Working as a management consultant in Saudi Arabia and UAE for almost a decade, I am witnessing the ambition of growth in the different domains to diversify the economy and increase the non-oil GDP. For example, through Vision 2030, Saudi Arabia aims to increase their non-oil GDP contribution from sixteen percent to fifty percent.
As two prominent members of the Gulf Cooperation Council (GCC), the strategy of mergers and acquisitions (M&A) will gain substantial traction as a growth driver for the next couple of decades. Both nations recognize that M&A activities can strategically boost their economies, diversify revenue streams and enhance global competitiveness.
Here are four key reasons why M&A activities are critical for Saudi Arabia and UAE:
1. Diversification of economies
Saudi Arabia and the UAE, traditionally oil-dependent economies, are increasingly turning to M&A as a means of diversification. One of the most prominent sovereign wealth funds, PIF, has invested in the future-proof electric car, Lucid. The company aims to open its first factory outside of the US in Saudi Arabia by the end of 2023, boosting diversification in the automobile industry.
2. New market access
M&A is pivotal in expanding market access for Saudi Arabian and UAE firms. For example, a telecommunications powerhouse in Saudi Arabia acquired a neighboring nation’s telecom leader. Another example can be found in the UAE, where a retail conglomerate merged with a well-established e-commerce platform, enabling cross-border market penetration and growth.
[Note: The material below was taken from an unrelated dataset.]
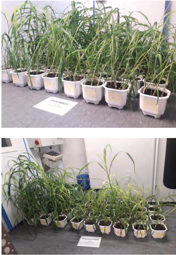
Slika 4. Rezistentna populacija divljeg sirka s lokaliteta Dubrovčak Lijevi tretirana linearno rastućim (od ½ do 64 x veća doza od registrirane) dozacijama herbicida foramsulfurona (gore), imazamoksa (sredina) i nikosulfurona (dolje)

Otkriće rezistentnih populacija u Republici Hrvatskoj velik je problem za cjelokupnu biljnu proizvodnju. Rezistentne populacije divljeg sirka potvrđene u usjevu kukuruza opasnost su i za ostale usjeve zakorovljene tom korovnom vrstom, a u kojima se koriste ALS herbicidi. Još su veći problem utvrđene rezistentne populacije ambrozije, i to iz nekoliko razloga. Prvo, ambrozija je najzastupljenija širokolisna korovna vrsta okopavinskih usjeva Hrvatske (Šarić i sur., 2011.). Drugo, za suzbijanje ambrozije u usjevu soje u post-emergence roku primjene nema alternativnih herbicida jer se suzbijanje donedavno obavljalo isključivo ALS herbicidima (okasulfuron, tifensulfuron i imazamoks). I treće, rezistentne populacije ambrozije svakako su potencijalni problem i u drugim okopavinskim usjevima gdje se redovito koriste ALS herbicidi (kukuruz, tolerantni suncokret, strne žitarice). Stoga je u daljnjim istraživanjima potrebno testirati te populacije na sve ALS herbicide koje se koristi u ratarskim i povrtnim kulturama.

3. Technological innovation enhancement
The focus on technological advancement is evident in Saudi Arabia and the UAE’s M&A landscape. For example, a Saudi software firm’s acquisition of a global AI startup, and a UAE aviation company’s merger with a drone technology innovator, highlight how these nations harness M&A to infuse innovation and cutting-edge technology into their industries.
4. Attraction of foreign investment and expertise
Saudi Arabia and the UAE are prime destinations for foreign investment due to their M&A activities. This can be seen in a European conglomerate’s investment in a post-merger Saudi healthcare chain and in an Asian tech giant acquiring a UAE-based fintech firm. Both examples demonstrate how these nations attract international expertise, funding and partnerships.
In conclusion, the significance of M&A activities in the GCC region for the next decade cannot be overstated. By expanding market reach, fostering innovation, optimizing resources and attracting foreign investment, M&A activities are set to play a pivotal role in driving sustained growth. As GCC nations continue their economic diversification and development journey, strategic M&A initiatives will remain a vital tool in their arsenal, shaping a prosperous future for the region.